Canada’s broadcast regulator, the Canadian Broadcast Standards Council (CBSC), recently ruled to allow the occasional F-bomb and explicit reference to sex toys on daytime TV.

The incident the CBSC was responding to came in the form of a complaint from a Quebec mother whose 8- and 11-year-old children were exposed to two F-bombs and coverage of a rally where phallic toys were being used as props on daytime television.

The boundary-pushers will claim the regulator’s decision as a victory, welcoming it as an expression of liberty and an extension of an unbridled, free society.

But there are others who will surely despair as the rug of traditional moral decency is pulled one more inch from under their feet. Daytime television was the last bastion of the socially acceptable. Regulations were in place that were supposed to reflect the appetite of all Canadians—grandmothers and children alike. If something was questionable it likely wouldn’t make the cut.

The CBSC’s ruling comes at a time when social acceptance of the once-taboo is at an all-time high. But is erring on the side of vulgarity really the best approach?

There must still be certain standards of polite behaviour that we can agree upon as a collective. Condemnation of child abuse is one of the few unifiers in the collective human conscience of moral standards. Explicit profanity was taboo at one time, as was graphic sexual expression. People once embraced self restraint and proper etiquette to varying degrees as the norm, and vulgarity was something not to be shrugged off so easily.

Some things were better left unsaid, at least on daytime TV. No longer. It’s a slippery slope—one that seems to have no bottom.

I think it’s safe to say that decency in itself is a concept most Canadians would embrace, at least in the public sphere.

Webster’s dictionary offers two useful definitions for decency:

1.Polite, moral, and honest behavior and attitudes that show respect for other people.

2. The behaviors that people in a society consider to be proper or acceptable.

The first is prescriptive, the second entirely variable according to the flavour of the day. It seems Canada’s broadcast regulators have chosen to abide by the second.

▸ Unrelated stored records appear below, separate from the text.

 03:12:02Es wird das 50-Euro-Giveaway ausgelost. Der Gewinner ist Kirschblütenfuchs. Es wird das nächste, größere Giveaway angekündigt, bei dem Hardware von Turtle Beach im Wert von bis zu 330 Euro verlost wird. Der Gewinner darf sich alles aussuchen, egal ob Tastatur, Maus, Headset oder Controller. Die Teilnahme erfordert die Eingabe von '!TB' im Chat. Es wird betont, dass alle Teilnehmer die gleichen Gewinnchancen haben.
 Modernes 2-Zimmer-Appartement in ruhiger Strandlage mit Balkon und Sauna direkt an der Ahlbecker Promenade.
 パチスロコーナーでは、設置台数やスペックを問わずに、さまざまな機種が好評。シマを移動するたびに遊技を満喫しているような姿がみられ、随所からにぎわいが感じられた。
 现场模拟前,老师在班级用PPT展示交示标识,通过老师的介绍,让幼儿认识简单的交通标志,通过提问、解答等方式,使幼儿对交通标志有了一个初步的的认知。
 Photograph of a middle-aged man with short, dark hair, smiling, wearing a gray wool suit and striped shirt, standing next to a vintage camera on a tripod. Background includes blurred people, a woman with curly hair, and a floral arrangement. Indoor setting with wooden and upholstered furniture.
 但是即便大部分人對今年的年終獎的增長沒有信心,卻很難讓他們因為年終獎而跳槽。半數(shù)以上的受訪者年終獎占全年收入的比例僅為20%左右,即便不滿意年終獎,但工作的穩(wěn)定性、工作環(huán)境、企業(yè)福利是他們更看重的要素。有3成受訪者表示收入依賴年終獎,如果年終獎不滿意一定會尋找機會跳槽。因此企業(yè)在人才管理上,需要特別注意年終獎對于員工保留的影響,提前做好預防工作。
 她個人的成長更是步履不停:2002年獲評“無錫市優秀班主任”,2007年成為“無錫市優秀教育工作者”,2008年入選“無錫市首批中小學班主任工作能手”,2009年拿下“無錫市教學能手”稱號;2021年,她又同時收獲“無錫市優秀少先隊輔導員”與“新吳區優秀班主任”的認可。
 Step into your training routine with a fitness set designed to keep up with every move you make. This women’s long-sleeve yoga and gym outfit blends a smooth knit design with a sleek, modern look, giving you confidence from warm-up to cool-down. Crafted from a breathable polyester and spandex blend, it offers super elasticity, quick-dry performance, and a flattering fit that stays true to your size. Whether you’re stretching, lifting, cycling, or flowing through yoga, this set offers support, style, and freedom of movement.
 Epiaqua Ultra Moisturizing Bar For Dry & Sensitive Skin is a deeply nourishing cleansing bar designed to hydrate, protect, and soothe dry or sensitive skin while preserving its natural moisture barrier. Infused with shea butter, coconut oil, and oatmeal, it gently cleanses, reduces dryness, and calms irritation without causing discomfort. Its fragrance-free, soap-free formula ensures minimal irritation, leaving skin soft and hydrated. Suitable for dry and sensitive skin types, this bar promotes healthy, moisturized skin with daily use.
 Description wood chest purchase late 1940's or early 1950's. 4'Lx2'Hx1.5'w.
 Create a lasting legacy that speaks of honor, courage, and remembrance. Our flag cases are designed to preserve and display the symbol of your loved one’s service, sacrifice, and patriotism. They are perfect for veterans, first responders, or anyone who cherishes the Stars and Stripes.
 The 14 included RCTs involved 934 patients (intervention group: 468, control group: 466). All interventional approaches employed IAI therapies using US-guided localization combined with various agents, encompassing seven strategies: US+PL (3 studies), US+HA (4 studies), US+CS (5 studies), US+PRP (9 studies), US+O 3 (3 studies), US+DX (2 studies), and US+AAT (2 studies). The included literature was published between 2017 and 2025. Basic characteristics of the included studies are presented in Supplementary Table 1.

The Drift From Moral Norms

The first definition is especially useful when considering how far we have drifted from moral norms, once commonplace. Politeness, a long-held virtue among the masses, guaranteed a certain standard of overt behaviour that was considerate of our potential audience. You didn’t dare swear at the dinner table but you might in the comfort of casual friends. There was a time and place for things.

Daytime television used to be a relatively benign place. There were filters in place and the CBSC made sure that programs were held to a certain standard and that we were at least somewhat safe from those who felt every cultural norm should be trampled.

Now, if I choose to watch a midday show with my three-year-old son, I’m taking the chance that he will see and hear things that used to be reserved for the latest of the late night programming. That’s worrisome.

So why is our broadcast regulator’s ruling significant? Why should the CBSC be held to higher standards? Well, they set the tone for nationally sanctioned content accessible to all who have a television. They are the standard-bearers and it is their job to deem what is socially responsible content.

My son dropped his first F-bomb the other day, not in any context but it was there all the same. I’m not sure where he picked it up, but to hear it pop out of his mouth was still a cringer. I’m not ignorant or utopian. I know it’s only a matter of time before his little mind becomes bombarded with undesirable stuff. I just hope that it won’t be forced upon him by the CBSC.

I’m not advocating for mass censorship here, just a pause for thought about what we are feeding our collective consciousness and that of our children. And as for the content of daytime TV programming, is “anything goes” really the way to go?

Ryan Moffatt is a journalist based in Vancouver.